* [ASSIGNED TASK] Please reproduce the listing below exactly, leaving out every picture.

* [RECORD EXCERPTS]
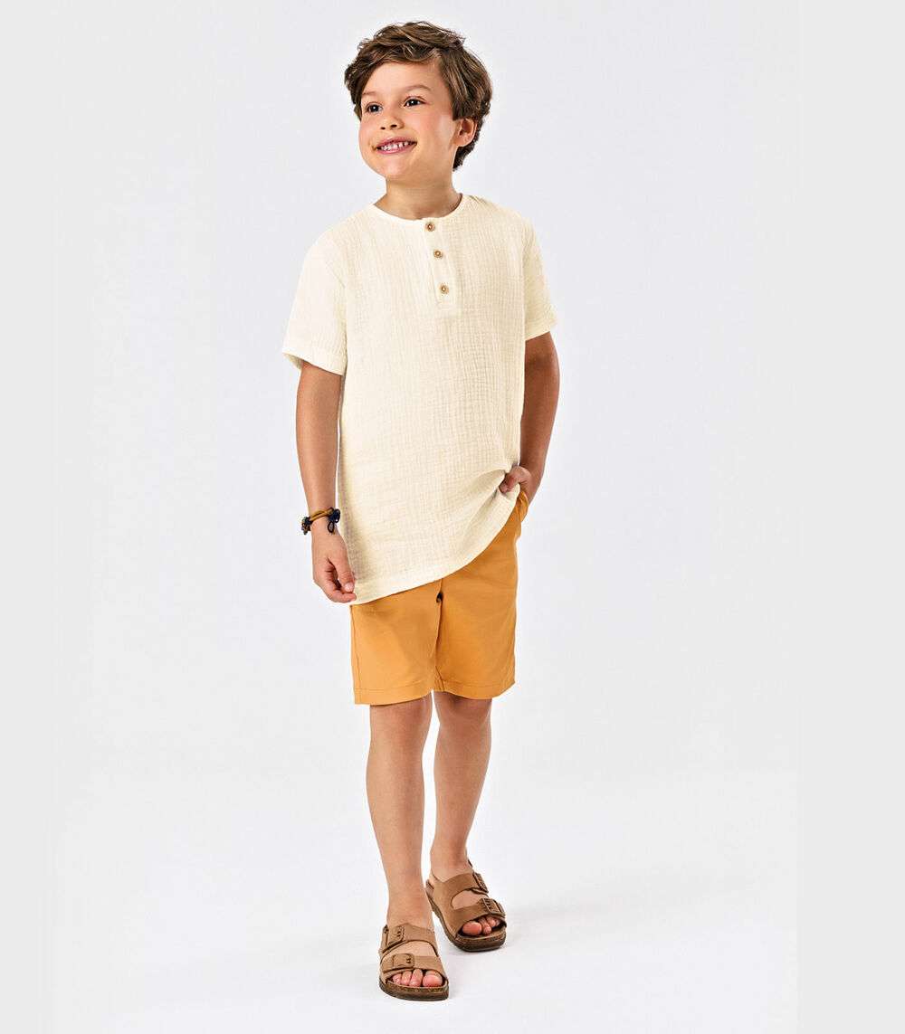 Conjunto Infantil Camisa Com Bermuda Trick Nick Bege
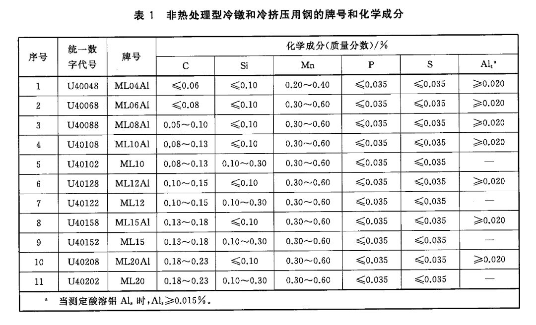 1)非热处理型冷镦和冷挤压用钢的牌号和化学成分(熔炼分析)应符合表中的规定。
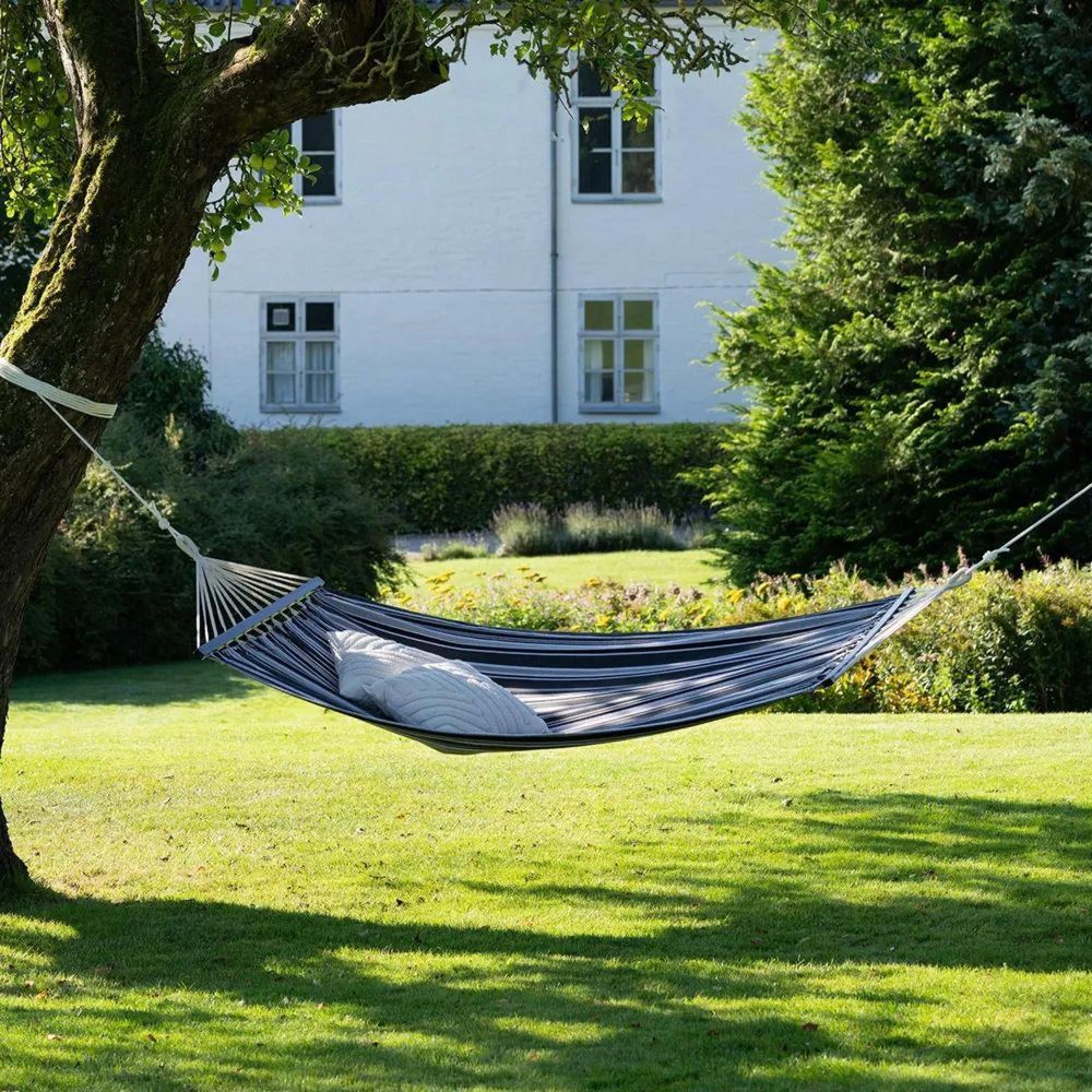 Made for patios, terraces, balconies, and shaded garden corners, this hammock chair is built to withstand daily outdoor use. The strong fabric structure provides a stable feel, while the weather-resistant properties ensure long-lasting performance throughout the year. With generous width and supportive seating, it creates a relaxing spot for reading, resting, or quiet weekend lounging.
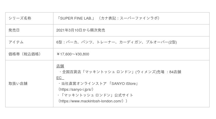 三陽商会が展開するブランド「マッキントッシュ ロンドン」ウィメンズは、身も心も健やかに過ごせる最高の気持ち良さを叶えるための素材研究にフォーカスし、ベーシックウエアに仕立てた新シリーズ「SUPER FINE LAB. (スーパーファインラボ)」を、全国百貨店84店舗と当社直営オンラインストアの「SANYO iStore(サンヨー・アイストア)」等にて3月10日より順次発売しています。着心地が良い開発素材を用い、普遍性のあるシンプルなデザインと、家庭洗濯可能なイージーケアな要素を併せもち、ステイホームからワンマイルウエアとしてのニーズにも対応する商品としてご提案いたします。
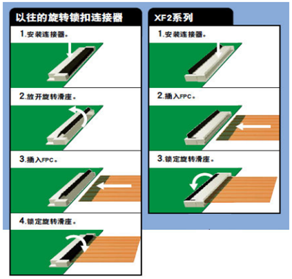 一、 旋轉式滑座從FPC插入口獨立出來。這樣一來,提起FPC時,滑座并不會斷開。這就保證了即使受到過度的外力,安裝好的FPC也不會脫開。
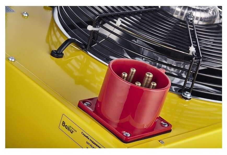 Пушка рассчитана на трехфазное подключение 380В (имеет встроенную трехфазную вилку или клеммы для кабеля). Для безопасного подключения требуется соответствующий силовой разъем и кабель сечением не менее 2.5 мм². Подключение должен выполнять квалифицированный электрик. Важно учитывать, что после отключения электроэнергии требуется ручной перезапуск прибора.
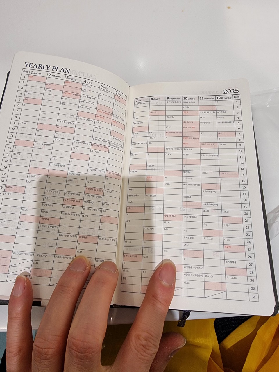 오늘 교보문고에서 퍼스널32 샀어요 기존 유즈어리40이었는데 크기는 거의 비슷한데 달별로 바로 갈수있게 사진처럼 잘려있어요 게다가 매월초에 그 달 해야할 일을 별도로 정리할 수 있어서 좋아요. 보통 1일에다가 정리했는데.. 그럼 1일에 해야할 일들과 해당월에 할 일이 겹쳐 지저분하더라구요. 크기는 약간 커졌지만 만족~
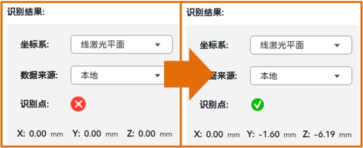 将激光照射在需要识别焊缝表面且使相机能识别光条,设置设置好job号与传感器位置后,传感器识别到特征点识别结果如下所示。
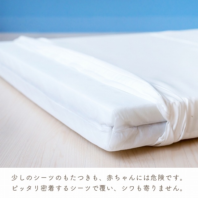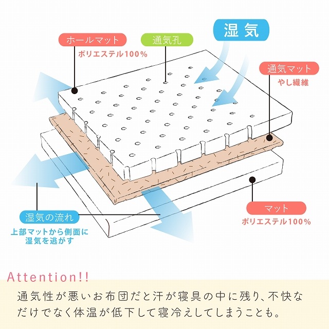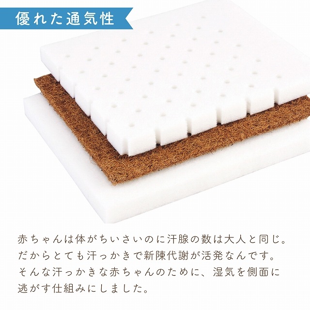 | <ポイント1> 適度な固さ ・赤ちゃんの背骨はおなかの中ではゆるやかなCの字になっています。 生まれてきて初めて平らなところで寝ます。 その時、もしお布団がやわらかいと赤ちゃんのおしりや背骨が沈み込んで深いCの字になり、不自然な状態になります。 だから、赤ちゃんの敷布団は適度な固さが必要と言われています。 <ポイント2> 優れた通気性 ・赤ちゃんはとても汗っかき。 大人の2倍以上の汗をかくとも言われています。 赤ちゃんの城が独自開発した「エコホールサンドマット」は通気性に優れた三層構造の敷布団。 敷布団の赤ちゃんが触れる面にたくさんの通気口がありそこから、湿気をすって横から逃がす構造になっています。 【お手入れ方法】 ・敷布団の側 洗濯後の縮みにより中身が装着しにくくなりますので、できるだけ洗われないようにしてください。 どうしても水洗いが必要な時は、ファスナーを閉じて洗濯ネットに入れ、他の洗濯物にからまないようにして洗ってください。 洗濯後若干の縮みがありますので、中身を入れるときに多少の力が必要になります。 干す前にたて、よこ方向ともよく伸ばしておくと縮みが少なくなります。 ・敷布団の中身 敷きふとんの中身は、通気マットの材料であるパームの繊維が折れますので、洗濯はお避け下さい。 できるだけキルトパッド、防水シーツを敷いて、中身が汚れないようにご使用ください。 もし、汚れた場合はその部分だけタオルなどに水を含ませ汚れを吸い取ってください。 |
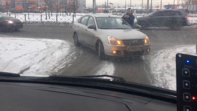 Неадекватный водитель автомобиля Ниссан заградил путь скорой помощи.
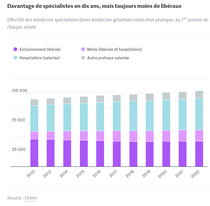 La Direction de la recherche, des études, de l’évaluation et des statistiques a publié une étude en mars 2021 sur la démographie médicale d’ici à 2050. Elle confirme une raréfaction de la pratique libérale depuis 2012, au profit d’un exercice mixte ou exclusivement salarié. En prenant l’hypothèse que ces comportements se poursuivent et à politiques législatives constantes (nombre de médecins formés par an et arrivée de médecins étrangers), le modèle prévoit une stagnation des effectifs jusqu’en 2030, avant une hausse assez importante jusqu’en 2050 : « Cette hausse se traduirait en partie par l’augmentation de l’exercice salarié, qui est le mode d’exercice à l’installation le plus souvent choisi par les médecins nouvellement diplômés. »
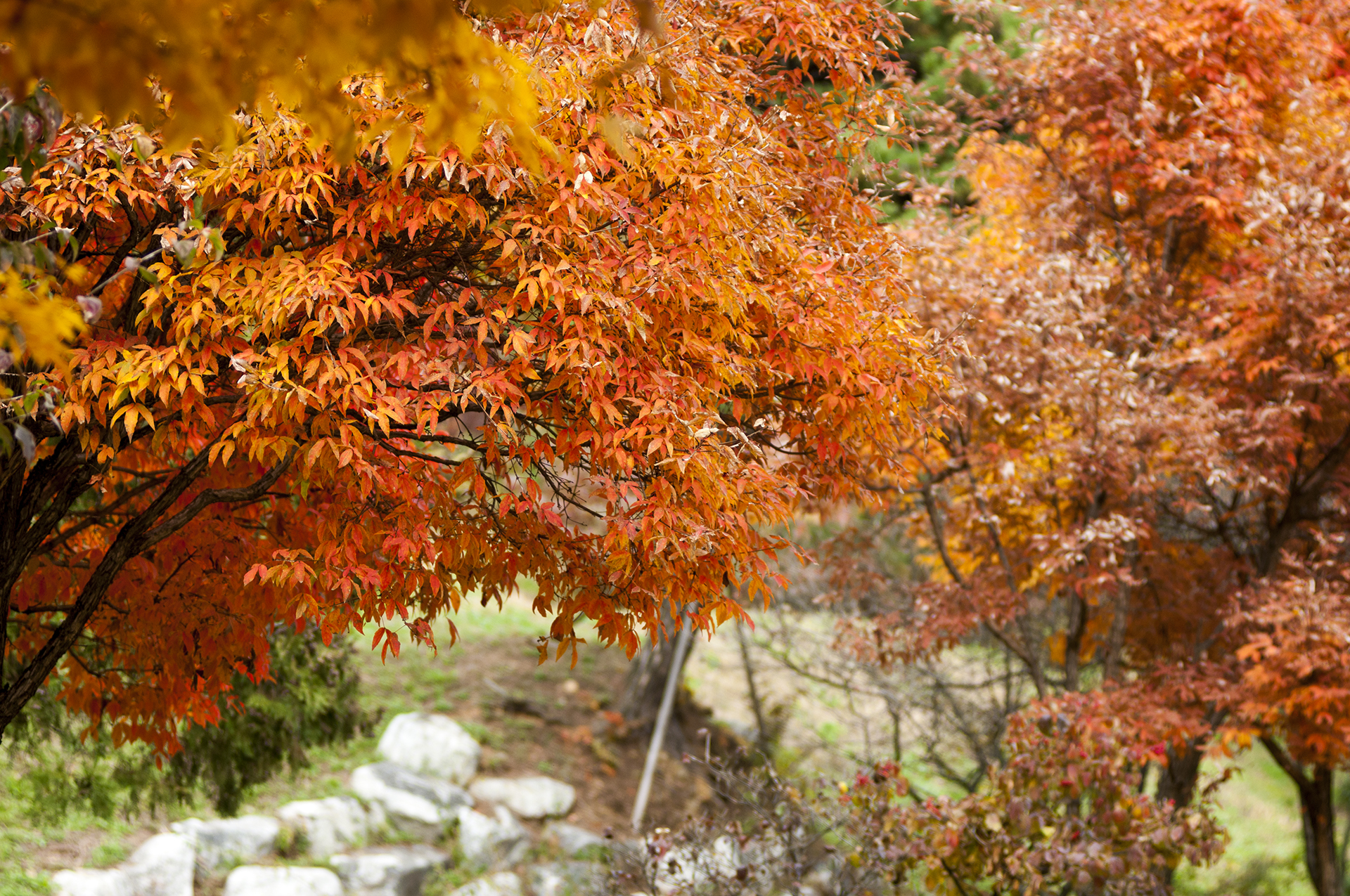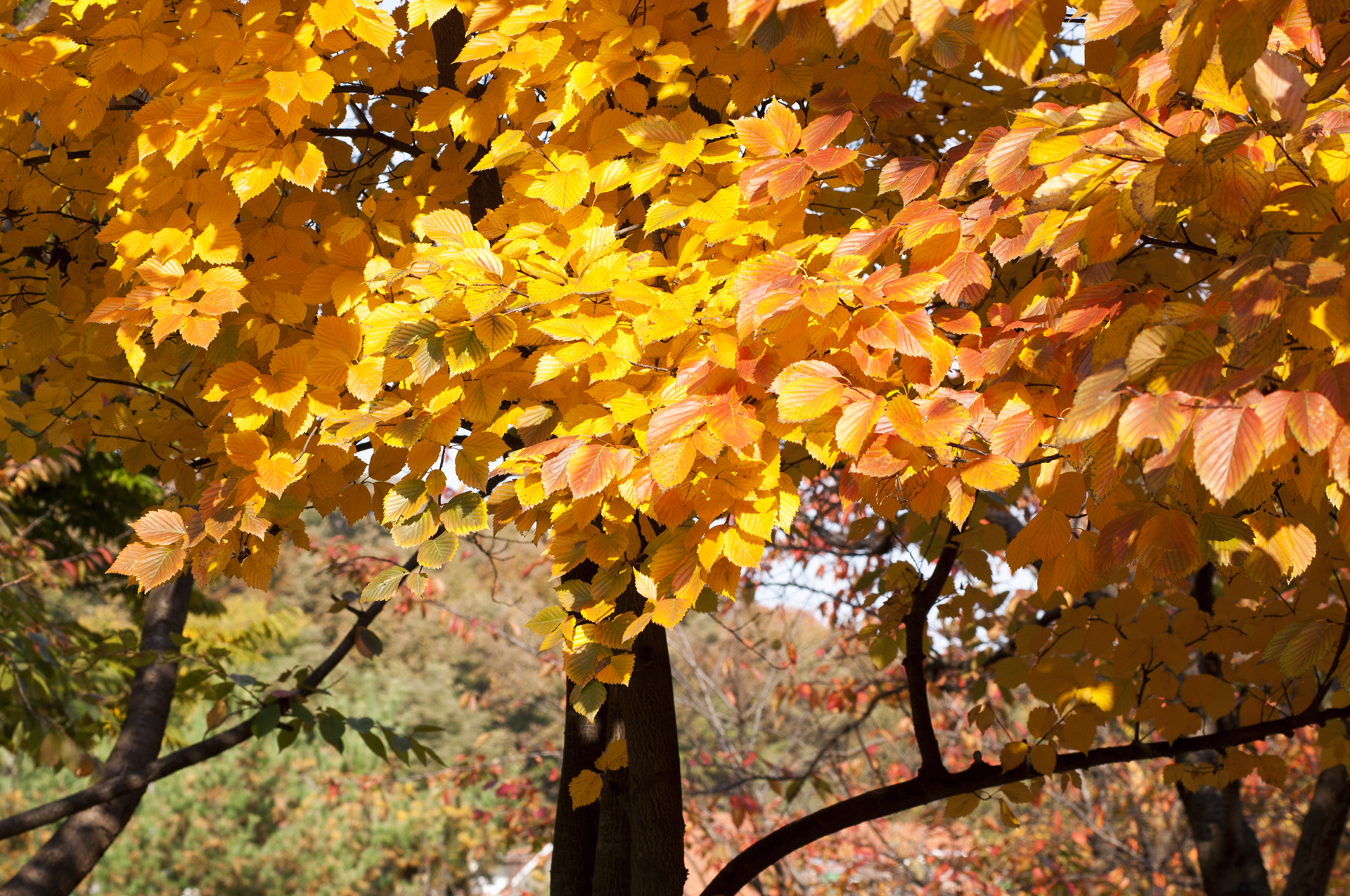 원적산공원에는 은행나무 외에도 예쁜 단풍을 보여주는 나무들이 많다.

* [PROBLEM SOLUTION]
 Conjunto Infantil Camisa Com Bermuda Trick Nick Bege
 1)非热处理型冷镦和冷挤压用钢的牌号和化学成分(熔炼分析)应符合表中的规定。
 Made for patios, terraces, balconies, and shaded garden corners, this hammock chair is built to withstand daily outdoor use. The strong fabric structure provides a stable feel, while the weather-resistant properties ensure long-lasting performance throughout the year. With generous width and supportive seating, it creates a relaxing spot for reading, resting, or quiet weekend lounging.
 三陽商会が展開するブランド「マッキントッシュ ロンドン」ウィメンズは、身も心も健やかに過ごせる最高の気持ち良さを叶えるための素材研究にフォーカスし、ベーシックウエアに仕立てた新シリーズ「SUPER FINE LAB. (スーパーファインラボ)」を、全国百貨店84店舗と当社直営オンラインストアの「SANYO iStore(サンヨー・アイストア)」等にて3月10日より順次発売しています。着心地が良い開発素材を用い、普遍性のあるシンプルなデザインと、家庭洗濯可能なイージーケアな要素を併せもち、ステイホームからワンマイルウエアとしてのニーズにも対応する商品としてご提案いたします。
 一、 旋轉式滑座從FPC插入口獨立出來。這樣一來,提起FPC時,滑座并不會斷開。這就保證了即使受到過度的外力,安裝好的FPC也不會脫開。
 Пушка рассчитана на трехфазное подключение 380В (имеет встроенную трехфазную вилку или клеммы для кабеля). Для безопасного подключения требуется соответствующий силовой разъем и кабель сечением не менее 2.5 мм². Подключение должен выполнять квалифицированный электрик. Важно учитывать, что после отключения электроэнергии требуется ручной перезапуск прибора.
 오늘 교보문고에서 퍼스널32 샀어요 기존 유즈어리40이었는데 크기는 거의 비슷한데 달별로 바로 갈수있게 사진처럼 잘려있어요 게다가 매월초에 그 달 해야할 일을 별도로 정리할 수 있어서 좋아요. 보통 1일에다가 정리했는데.. 그럼 1일에 해야할 일들과 해당월에 할 일이 겹쳐 지저분하더라구요. 크기는 약간 커졌지만 만족~
 将激光照射在需要识别焊缝表面且使相机能识别光条,设置设置好job号与传感器位置后,传感器识别到特征点识别结果如下所示。
 | <ポイント1> 適度な固さ ・赤ちゃんの背骨はおなかの中ではゆるやかなCの字になっています。 生まれてきて初めて平らなところで寝ます。 その時、もしお布団がやわらかいと赤ちゃんのおしりや背骨が沈み込んで深いCの字になり、不自然な状態になります。 だから、赤ちゃんの敷布団は適度な固さが必要と言われています。 <ポイント2> 優れた通気性 ・赤ちゃんはとても汗っかき。 大人の2倍以上の汗をかくとも言われています。 赤ちゃんの城が独自開発した「エコホールサンドマット」は通気性に優れた三層構造の敷布団。 敷布団の赤ちゃんが触れる面にたくさんの通気口がありそこから、湿気をすって横から逃がす構造になっています。 【お手入れ方法】 ・敷布団の側 洗濯後の縮みにより中身が装着しにくくなりますので、できるだけ洗われないようにしてください。 どうしても水洗いが必要な時は、ファスナーを閉じて洗濯ネットに入れ、他の洗濯物にからまないようにして洗ってください。 洗濯後若干の縮みがありますので、中身を入れるときに多少の力が必要になります。 干す前にたて、よこ方向ともよく伸ばしておくと縮みが少なくなります。 ・敷布団の中身 敷きふとんの中身は、通気マットの材料であるパームの繊維が折れますので、洗濯はお避け下さい。 できるだけキルトパッド、防水シーツを敷いて、中身が汚れないようにご使用ください。 もし、汚れた場合はその部分だけタオルなどに水を含ませ汚れを吸い取ってください。 |
 Неадекватный водитель автомобиля Ниссан заградил путь скорой помощи.
 La Direction de la recherche, des études, de l’évaluation et des statistiques a publié une étude en mars 2021 sur la démographie médicale d’ici à 2050. Elle confirme une raréfaction de la pratique libérale depuis 2012, au profit d’un exercice mixte ou exclusivement salarié. En prenant l’hypothèse que ces comportements se poursuivent et à politiques législatives constantes (nombre de médecins formés par an et arrivée de médecins étrangers), le modèle prévoit une stagnation des effectifs jusqu’en 2030, avant une hausse assez importante jusqu’en 2050 : « Cette hausse se traduirait en partie par l’augmentation de l’exercice salarié, qui est le mode d’exercice à l’installation le plus souvent choisi par les médecins nouvellement diplômés. »
 원적산공원에는 은행나무 외에도 예쁜 단풍을 보여주는 나무들이 많다.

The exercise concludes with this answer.